Service Mesh
Istio is an open source implementation of a service mesh. A service mesh is a relatively recent term used to describe a decentralized application networking infrastructure that allows applications to be secure, resilient, observable, and controllable. It describes an architecture made up of a data plane that uses application layer proxies to manage networking traffic on behalf of an application and a control plane to manage proxies.
The Istio project was started by teams from Google and IBM in partnership with the Envoy (the proxy) team from Lyft.
Istio is intended for microservices or service-oriented architecture (SOA)-style architectures, but it is not limited to those.
Not only microservices
Istio’s power shines as you move to architectures that experience large numbers of services, interconnections, and networks over unreliable cloud infrastructure.
Furthermore, since Istio runs out-of-process from the application, it can be deployed to existing legacy or brownfield environments as well, thus incorporating those into the mesh.
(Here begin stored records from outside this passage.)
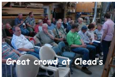
Great crowd at Clead's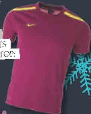
JJB SPORTS NIKE SPORTS TRAINING TOP: £19.99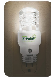
Compact Fluorescent Nightlight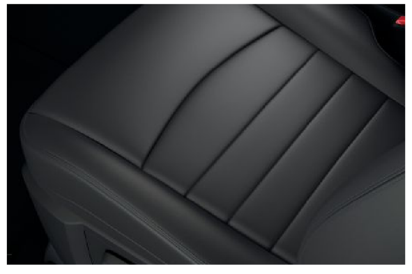
Vinyl Diesel Gray Tradesman<sup>®</sup> and Express models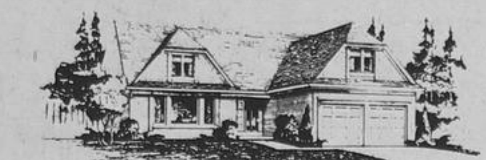
The Sitka Landing Mk V1 - $164,900.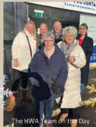
The HWA Team on the Day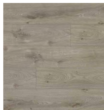
Sierra Oak ADA124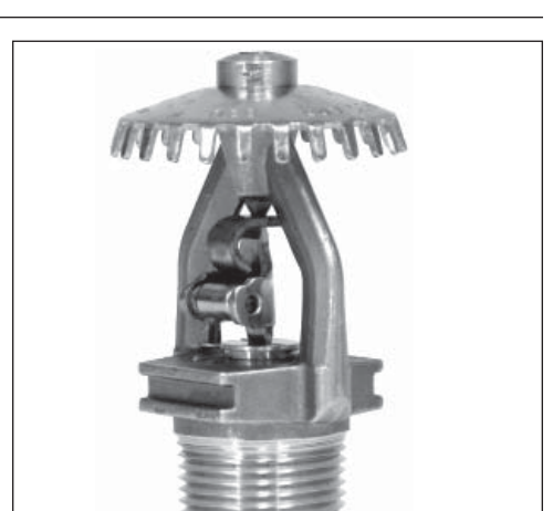
Sprinkler Identification Number RA1124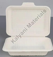
750 ML Corn Starch Clamshell

For example, if you have existing monolith deployments, the Istio service proxy can be deployed alongside each monolith instance and will transparently handle network traffic for it. At a minimum, this can add request metrics that become very useful for understanding the application’s usage, latency, throughput, and failure characteristics. Istio can also participate in higher-level features like policy enforcement about what services are allowed to talk to it.
Architecture overview
Istio is an implementation of a service mesh with a Data Plane based on Envoy (proxy in the picture) and a Control Plane (istio-system namespace in the picture).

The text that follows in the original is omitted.